JB: I wanted to show that I had range because there are not a ton of people who look like me who are doing this. And I think that the people who do look like me who are doing this, whether or not they want to, are constantly being boxed in. And I just decided I wanted to write my own history. 

HG: So I’d like to pivot to some quick-fire questions. First, I’d like to ask what you’re reading at the moment. 

JB: Oh, that’s so good. I’ve got two. Well. I’m hesitating because they are things I’m adapting, so I’m a bit hesitant to name them. 

HG: Ok. What have you read recently that you would recommend that I read? 

JB: Yeah, thank you! 

HG: I’m not trying to blow your shit up! 

JB: I’m gonna say “The Visible Man” by Chuck Klosterman. I just finished it. I don’t want to tell you much about it, except it centers around a therapist and her patient and the places they go that they shouldn’t go. 

HG: I’m gonna check it out. I love that you are a low-key, high-key fashion girly. 

JB: I love wearing clothes. 

HG: You do have a great sense of personal style. I love how you put outfits together. The way you experiment with accessories and shape, a little Simone Rocha moment, and I know you love a bit of Patou. So, super random question, but if you were to live in one outfit that you’ve worn before forever, what would it be? 

JB: I know exactly what it would be. It would be slacks. It’d be slacks with some kind of probably solid color socks. So, say it were a khaki slack or probably white slacks, cause I really like white bottoms. Probably a white t-shirt, a chambray shirt, and a navy jacket. I’d probably go for a mid-weight blazer if I was gonna wear this always. And then the socks would be like royal blue or tomato red. And then I would wear, part of me wants to say it’s a loafer, but I think I should probably do like a clog because I think that if that’s forever, that’s probably gonna feel better on my foot. 

HG: Yeah, I think the clog feels the most correct for you. 

JB: The clog, yeah. I think like a lifetime, wearing loafers would be really bad for these arches, you know? 

HG: The last question I’ll ask you is, what is a place you have been to that has really moved or changed you?

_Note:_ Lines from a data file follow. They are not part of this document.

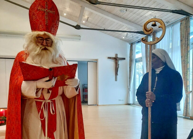Ein besonderes Jubiläum konnte kurz vor Weihnachten beim traditionellen Advents-Treffen des Priener Senioren-Clubs im Katholischen Pfarrheim der vormalige Pfarrgemeinderatsvorsitzende Hans-Dieter Dummert feiern. Bereits seit 50 Jahren erfreut er in Prien Klein und Groß mit seinem Nikolausdienst. Beim heurigen Senioren-Treffen hielt er Rückblick auf seinen irdischen Einsatz als Heiliger Nikolaus und erinnerte dabei an sieben Geistliche, die er seit 1973 begleiten durfte. Es waren und sind die Pfarrer Andreas Bals, Konrad Huber, Josef Preis, Klaus Franzl (als Administrator), Bruno Fink, Klaus Hofstetter und nunmehr Gottfried Grengel. Grengel als derzeitiger Pfarrer von Prien und Leiter der Pfarrverbände vom Westlichen Chiemseeufer und von Bad Endorf ließ es sich trotz eines vorweihnachtlich dicken Terminkalenders nicht nehmen, bei den Senioren vorbeizuschauen und sich bei Hans-Dieter Dummert für dessen langen und treue Dienste als Nikolaus zu danken.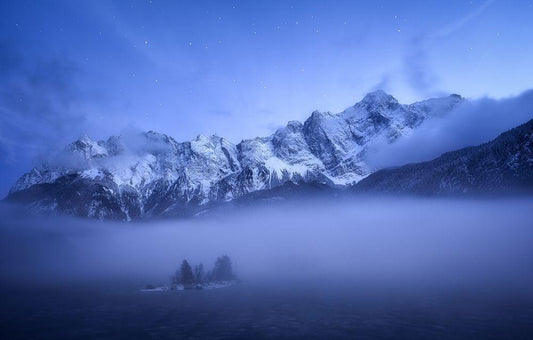 Wanaka Twilight White Modern Wood Framed Art Print with Double Matting by Zhang, Yan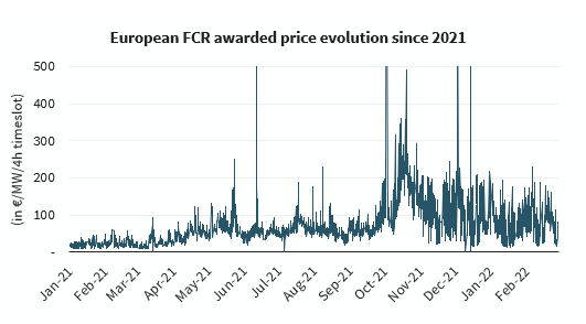 (2)頻率調(diào)節(jié)市場(chǎng)由一次性承諾組成的,即在一年中的任何一天的特定時(shí)間段內(nèi)遵循電網(wǎng)系統(tǒng)的操作指令(頻率遏制服務(wù)的持續(xù)時(shí)間為四個(gè)小時(shí),自動(dòng)頻率恢復(fù)儲(chǔ)備服務(wù)的持續(xù)時(shí)間為1小時(shí))。相關(guān)收入通過(guò)管理平臺(tái)上的拍賣系統(tǒng)確定。因此,已經(jīng)承諾進(jìn)入容量市場(chǎng)的儲(chǔ)能系統(tǒng)能夠在提供這些服務(wù)的時(shí)間之外進(jìn)行投標(biāo)。在2021年1月至2022年2月期間,頻率遏制服務(wù)的價(jià)格變化很大,4小時(shí)的可用性從100歐元/MW到1,600歐元/MW不等。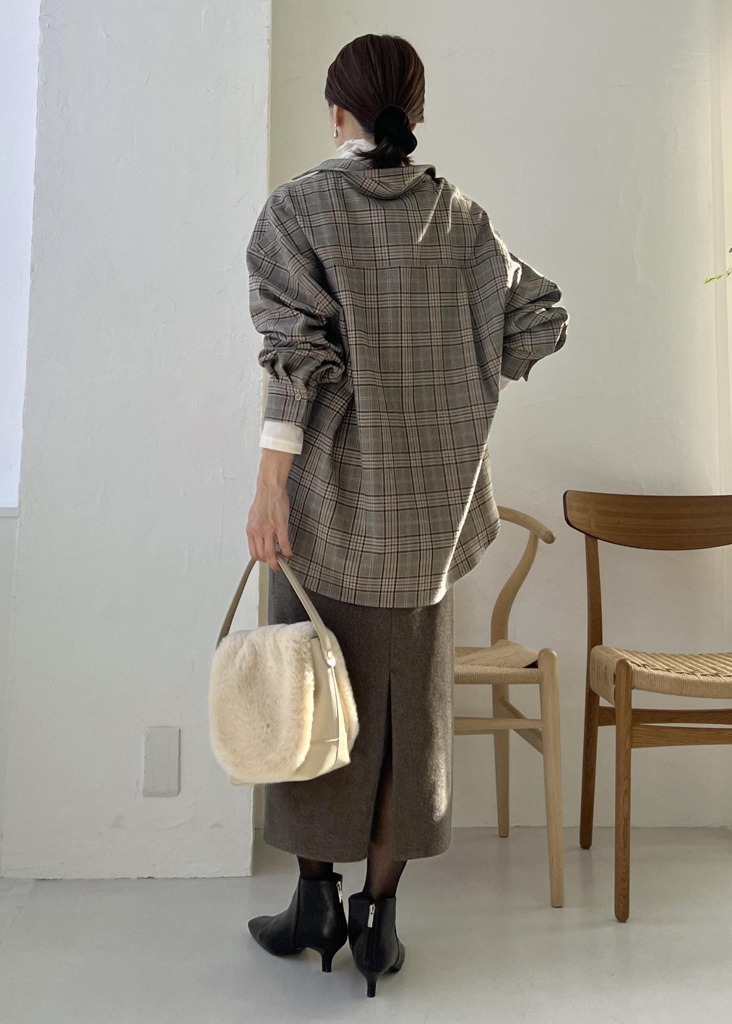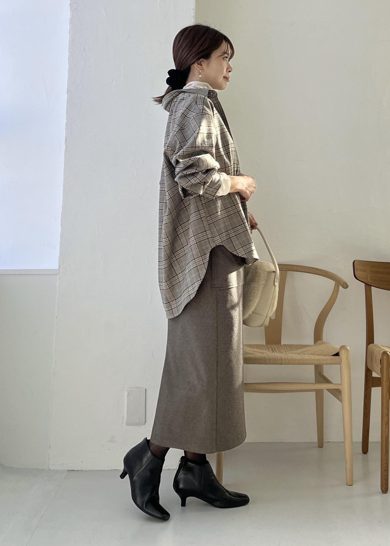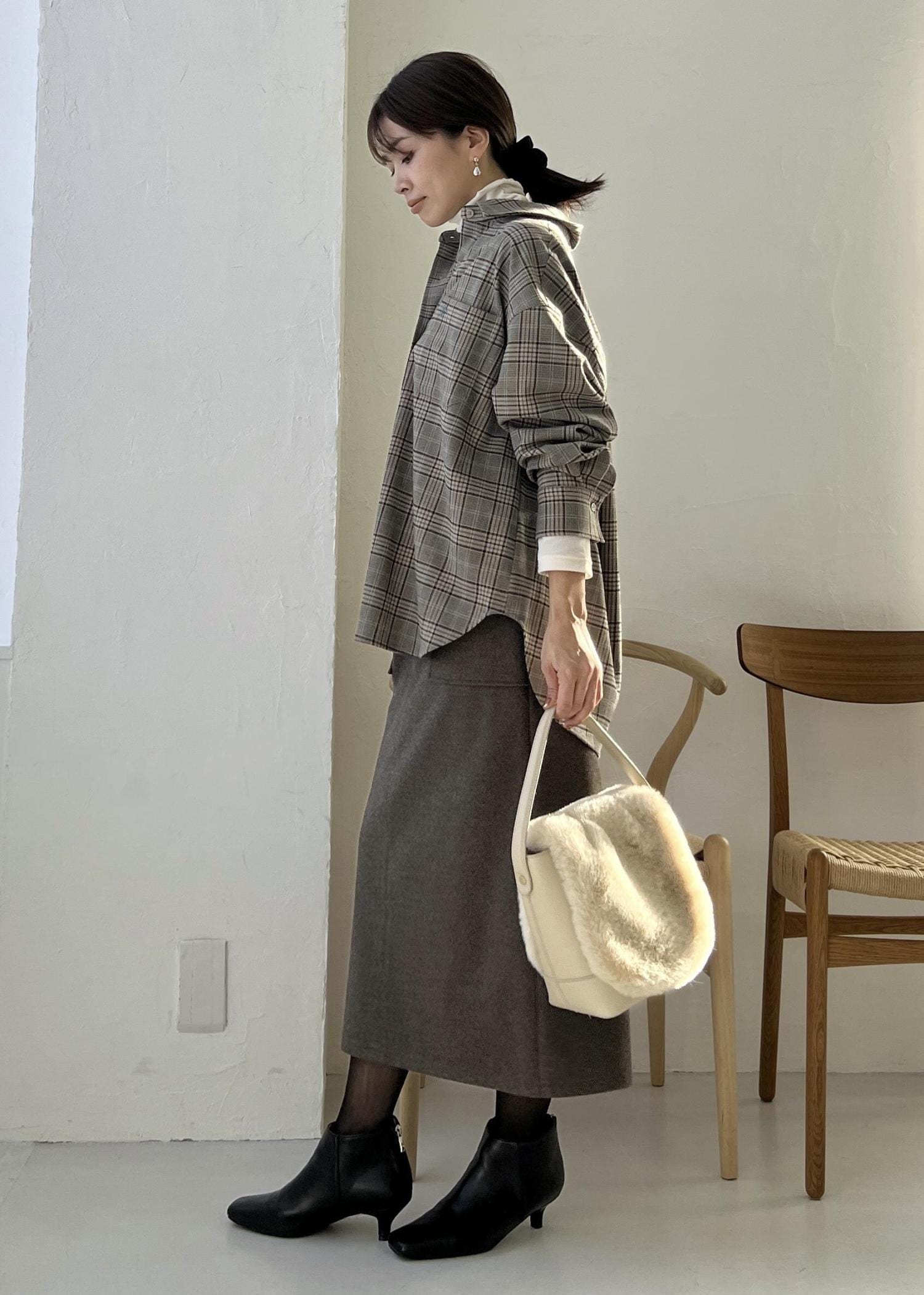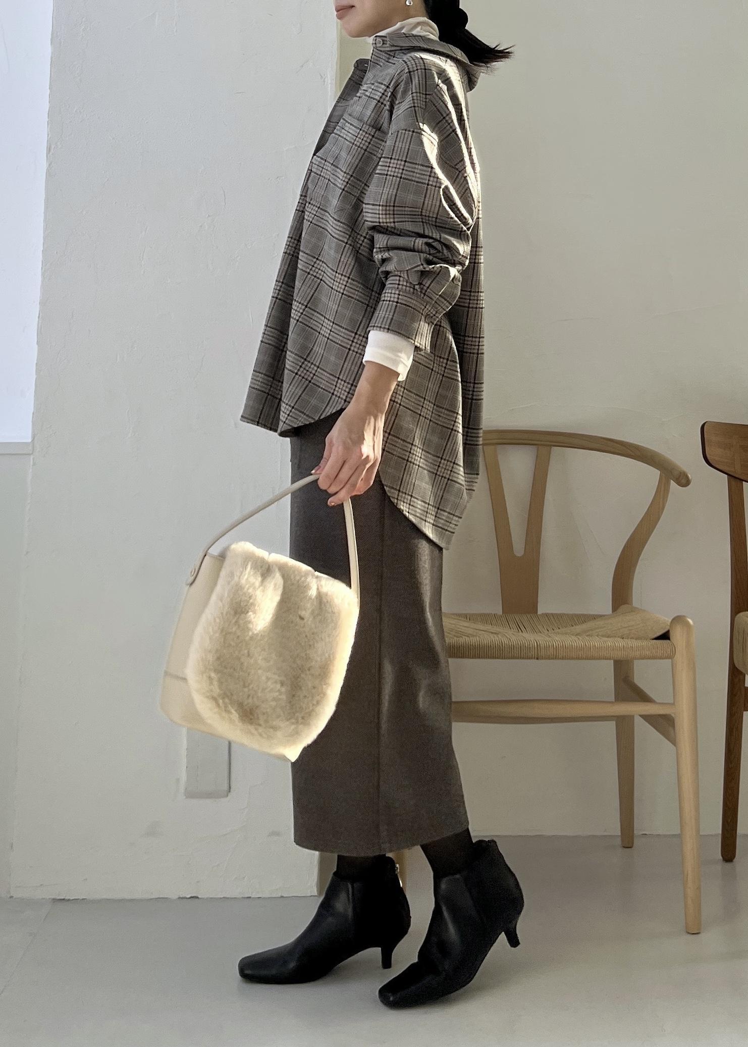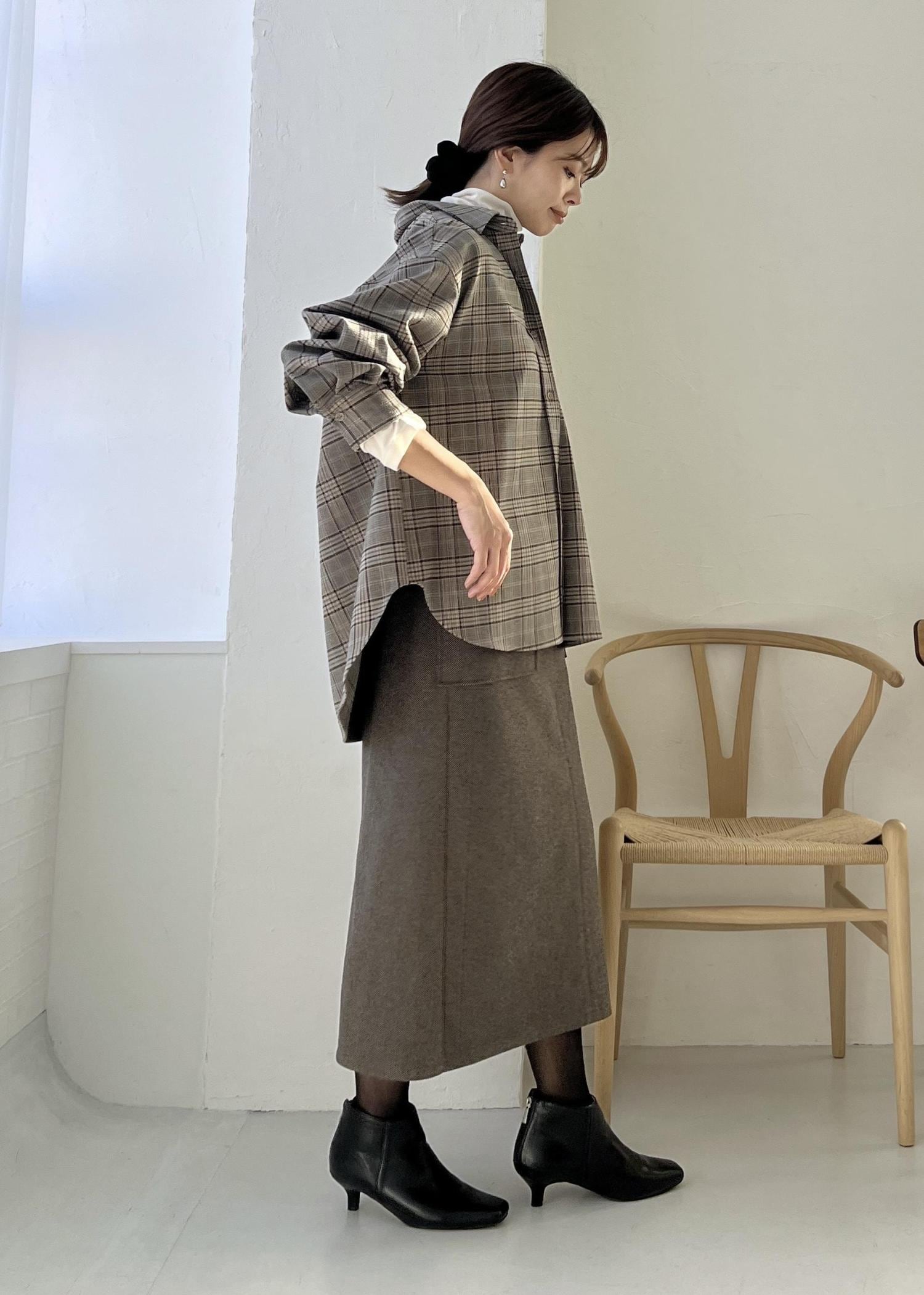 チェックシャツ×スカートの大人コーデ

JB: Oh, that’s so great. That’s such a good question. Gosh, there are a few of these. I would say the one that comes to mind is Mexico City. I went to Mexico City many years ago, soon after my husband and I separated. And I had this eat, pray, love experience, or I think it was supposed to be like an eat, pray, love experience. And I felt like I really belonged there. I really found myself there, and I dream and fantasize about being able to go back and have this decent period of life there. 

HG: I love that for you so much! It’s been a joy speaking to you. I’m really excited to watch “The Listeners”. I love this quote from you about it: “Having an experience that others cannot relate to is not foreign to me. While I may not hear a sound that others cannot hear, I’m undeniably walking a path that many cannot see. Claire’s journey mirrors my own.” I think reading that felt so relatable. I think it’s universal. 

JB: I can’t wait for you to see it. I’m excited. Perhaps our paths will cross in the flesh sooner rather than later. 

HG: I only hope so, really.

This interview has been edited for clarity and length.